▸ **Task instructions**
Which lines in the data below contain the word "including"? Pull each of them out.

▸ **Source information**
>>>
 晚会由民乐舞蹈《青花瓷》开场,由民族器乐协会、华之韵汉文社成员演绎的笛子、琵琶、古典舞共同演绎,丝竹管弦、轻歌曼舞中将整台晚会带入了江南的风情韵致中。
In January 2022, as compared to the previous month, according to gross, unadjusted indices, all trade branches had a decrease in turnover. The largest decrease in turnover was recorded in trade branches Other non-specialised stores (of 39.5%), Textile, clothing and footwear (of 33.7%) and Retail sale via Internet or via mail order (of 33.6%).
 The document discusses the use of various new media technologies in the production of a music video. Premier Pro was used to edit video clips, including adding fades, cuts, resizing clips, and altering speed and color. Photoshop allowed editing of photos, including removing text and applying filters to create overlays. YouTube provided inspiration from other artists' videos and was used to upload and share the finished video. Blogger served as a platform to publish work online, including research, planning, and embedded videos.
<<<
>>>
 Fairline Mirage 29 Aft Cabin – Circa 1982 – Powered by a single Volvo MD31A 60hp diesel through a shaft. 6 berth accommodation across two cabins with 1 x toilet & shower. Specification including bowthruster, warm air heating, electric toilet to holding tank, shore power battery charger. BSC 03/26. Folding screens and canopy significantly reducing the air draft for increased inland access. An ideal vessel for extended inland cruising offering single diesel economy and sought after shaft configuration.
<<<
▸ **Reply to the exercise**
 The document discusses the use of various new media technologies in the production of a music video. Premier Pro was used to edit video clips, including adding fades, cuts, resizing clips, and altering speed and color. Photoshop allowed editing of photos, including removing text and applying filters to create overlays. YouTube provided inspiration from other artists' videos and was used to upload and share the finished video. Blogger served as a platform to publish work online, including research, planning, and embedded videos.
 Fairline Mirage 29 Aft Cabin – Circa 1982 – Powered by a single Volvo MD31A 60hp diesel through a shaft. 6 berth accommodation across two cabins with 1 x toilet & shower. Specification including bowthruster, warm air heating, electric toilet to holding tank, shore power battery charger. BSC 03/26. Folding screens and canopy significantly reducing the air draft for increased inland access. An ideal vessel for extended inland cruising offering single diesel economy and sought after shaft configuration.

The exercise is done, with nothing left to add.